Дом, в полотнищах черного дыма, не желал сдаваться. Все эти старинные гобелены, посуда из серебра и фарфора, все эти ткани и резное дерево, дубовые балки и расписная известь потолков – все это сопротивлялось огню, как умело, и розовый мрамор садовых статуй давно уже сделался черным от копоти.
Сотни витых свечей – белых на будни и ароматических праздничных – горели одновременно, и в гостиной, и в столовой, и в спальнях, и в кладовой, горели как ни в чем не бывало, как будто не рушились потолки и не падали люстры, как будто не погибали в огне кипарисы, как будто кому-то хотелось света, много света – и сразу…
На коробку с коллекцией шлифованных линз наступили сапогом.
Собаку убили. Кошки разбежались. Улетела ручная сова, а белые мыши так и остались в доме.
Горит трава. В огне корчится неведомый и невидимый мир, тысячами умирают жуки и личинки, рушатся подземные дворцы.
Розовый мрамор. Жирная копоть. На крыльце – беспорядочно сваленные книги, ветер листает их, ветер торопливо просматривает, прежде чем передать огню.
Поперек усыпанной гравием дорожки лежит грузное тело тети. А там – дальше – бабушка, а няню куда-то волокут, выкручивая тонкие, в медных браслетах, руки…

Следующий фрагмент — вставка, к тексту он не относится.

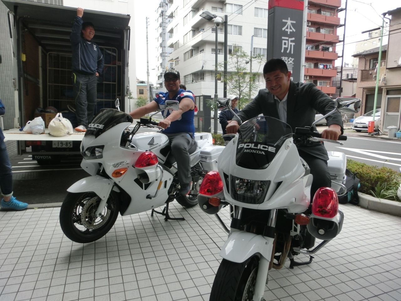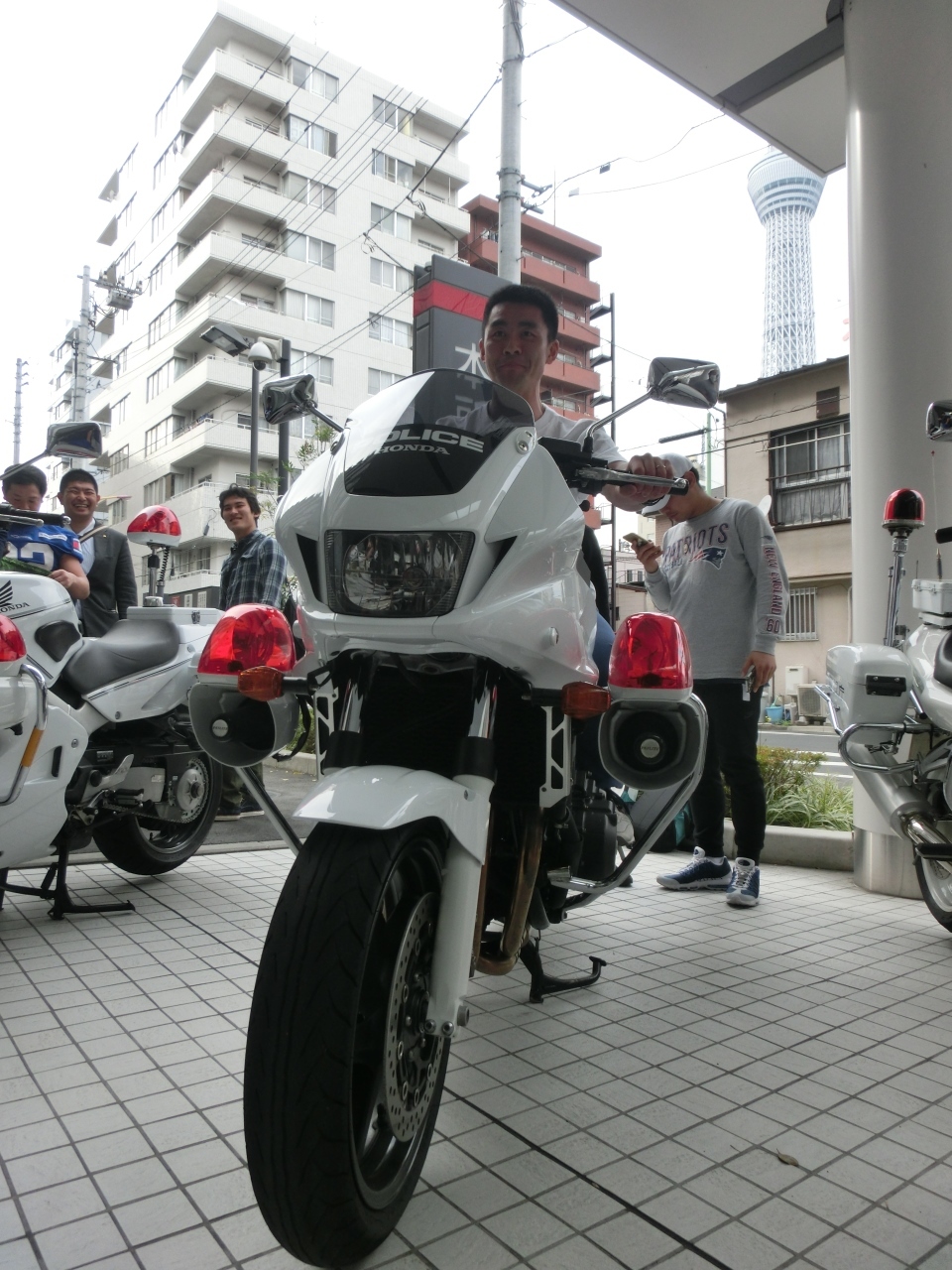 交通安全啓発グッズ配布を終え、本所警察署へ戻ったところ、本所警察署の皆様のご厚意で、白バイとともに記念撮影させていただきました!

И за сотни верст вокруг нет ни одного мужчины.
Ни одного; только потные гиены в стальных рубахах, несколько женщин, уже мертвых или все еще обреченных, горящие магнолии – и он, задумавший обороняться шелковым сачком для ловли бабочек.
Он не боится ни боли, ни позора. За двенадцать прожитых лет он так и не узнал ни того, ни другого. Всей его боли было – пчелиное жало в ладони, всего позора – мокрая простыня в раннем детстве.
Но тетя лежит поперек дорожки, и бабушка не замечает искр, падающих на обнаженное предплечье, и няня уже не кричит. И догорают магнолии – неохотно, но догорают…
О нем вспомнили. Сразу несколько рыл обернулось в его сторону, в редких бородах блеснули белые зубы. Кто-то, временно оставив награбленное, двинулся к нему – как бы небрежно, как бы привычно, как бы мимоходом, потому что всего и дела-то, что сгрести за шиворот обомлевшего от страха мальчишку, щенка, не сумевшего спасти даже свою белую мышку.
А тетя лежит поперек дорожки и уже ничего не видит. И бабушке все равно. А няня…
Белый платан за его спиной устал бороться и вспыхнул снизу доверху, будто облитый маслом. Вместе с дуплом, вместе с гнездом болотницы, вместе с муравейником.
Он знал, что не может отменить случившееся – и знал, что оставить все как есть тоже не сумеет. Зачем он здесь, кто он такой, если не сумел защитить свой дом, свою бабушку, няню, тетю?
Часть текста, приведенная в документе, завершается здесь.